▶ EXERCISE INSTRUCTIONS
The full listing, word for word and free of images, is the expected result.

▶ DATA EXTRACT

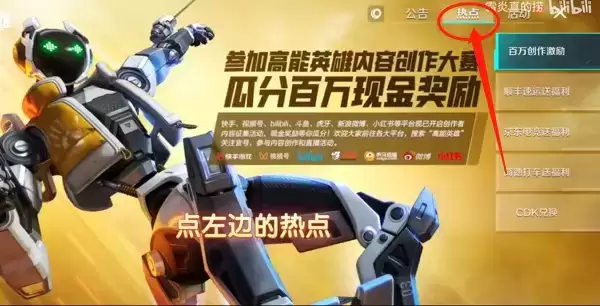 2、点击这个活动按钮进入活动中,然后可以看到左边的热点。
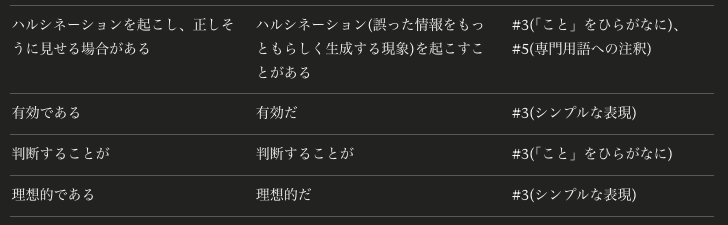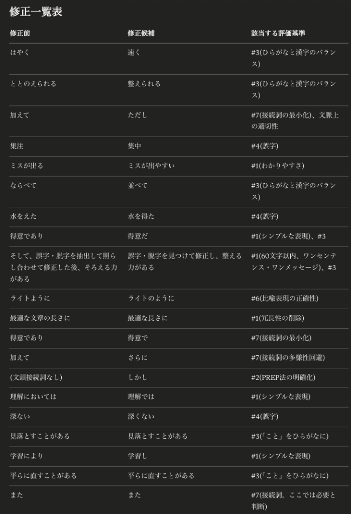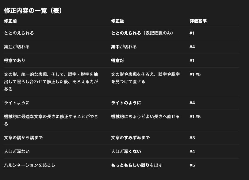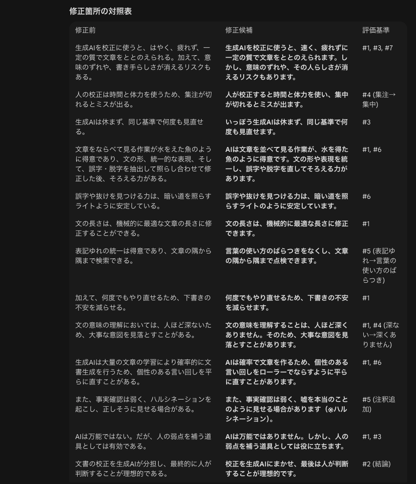 Claudeは修正理由を詳細かつ体系的に説明し、「なぜこの修正が文章を改善するのか」を明確に説明できている
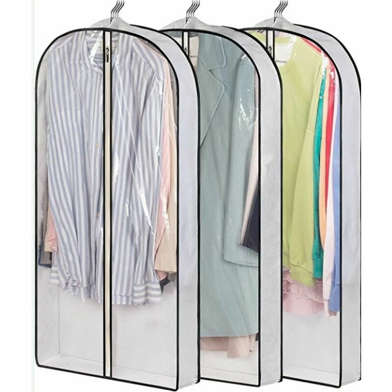 Tessuto traspirante inodore + EVA trasparente - Il lato anteriore è realizzato in EVA trasparente inodore e sicuro, che ti consente di vedere facilmente il contenuto di ogni porta abiti e ti aiuta a trovare rapidamente i vestiti di cui hai bisogno. La parte posteriore della borsa porta abiti è realizzata in tessuto non tessuto traspirante, leggero e abbastanza resistente da proteggere i vestiti dalla polvere. Materiale resistente che può essere facilmente piegato e ripiegato senza crepe.,Grande capacità: ogni borsa sospesa ha spazio sufficiente per 16 camicie o 10 maglioni o 6 giacche invernali. La lunghezza è adatta per riporre abiti, giacche, abiti alla caviglia, maglioni, cappotti invernali, vestiti e altro ancora. Dimensioni: 60 (L) x 100 (A) x 10 (L) cm. [Cerniera liscia e foro superiore] La robusta cerniera liscia n. 5 della borsa porta abiti da viaggio si chiude completamente per proteggere i vestiti all'interno. Perfetto per l'uso quotidiano e non facilmente danneggiato. Il
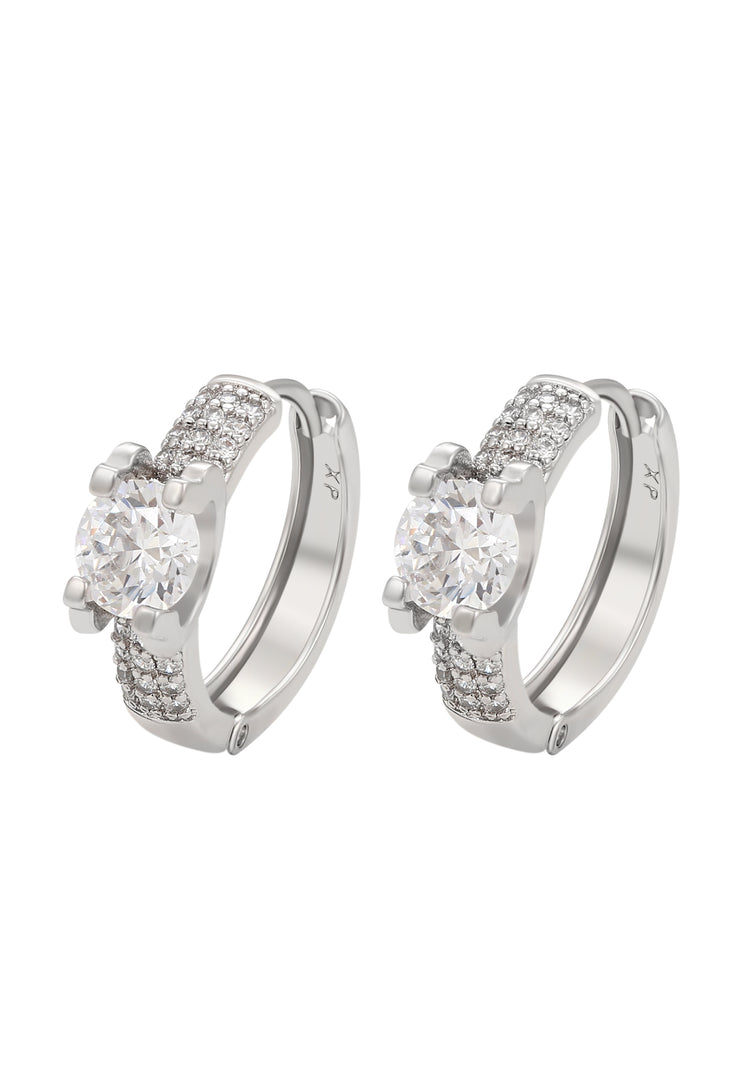These elegant hoop earrings from the Jewelry Collection feature a huggie design, crystal-studded with radiant rhinestones that create a shimmering, shiny pattern on polished copper. Equipped with a secure hinged closure, they combine comfort with effortless wearability. Their versatile and luxurious style makes them the perfect accessory to add a dazzling sparkle and sophisticated elegance to any look.

▶ RESULT
 2、点击这个活动按钮进入活动中,然后可以看到左边的热点。
 Claudeは修正理由を詳細かつ体系的に説明し、「なぜこの修正が文章を改善するのか」を明確に説明できている
 Tessuto traspirante inodore + EVA trasparente - Il lato anteriore è realizzato in EVA trasparente inodore e sicuro, che ti consente di vedere facilmente il contenuto di ogni porta abiti e ti aiuta a trovare rapidamente i vestiti di cui hai bisogno. La parte posteriore della borsa porta abiti è realizzata in tessuto non tessuto traspirante, leggero e abbastanza resistente da proteggere i vestiti dalla polvere. Materiale resistente che può essere facilmente piegato e ripiegato senza crepe.,Grande capacità: ogni borsa sospesa ha spazio sufficiente per 16 camicie o 10 maglioni o 6 giacche invernali. La lunghezza è adatta per riporre abiti, giacche, abiti alla caviglia, maglioni, cappotti invernali, vestiti e altro ancora. Dimensioni: 60 (L) x 100 (A) x 10 (L) cm. [Cerniera liscia e foro superiore] La robusta cerniera liscia n. 5 della borsa porta abiti da viaggio si chiude completamente per proteggere i vestiti all'interno. Perfetto per l'uso quotidiano e non facilmente danneggiato. Il
These elegant hoop earrings from the Jewelry Collection feature a huggie design, crystal-studded with radiant rhinestones that create a shimmering, shiny pattern on polished copper. Equipped with a secure hinged closure, they combine comfort with effortless wearability. Their versatile and luxurious style makes them the perfect accessory to add a dazzling sparkle and sophisticated elegance to any look.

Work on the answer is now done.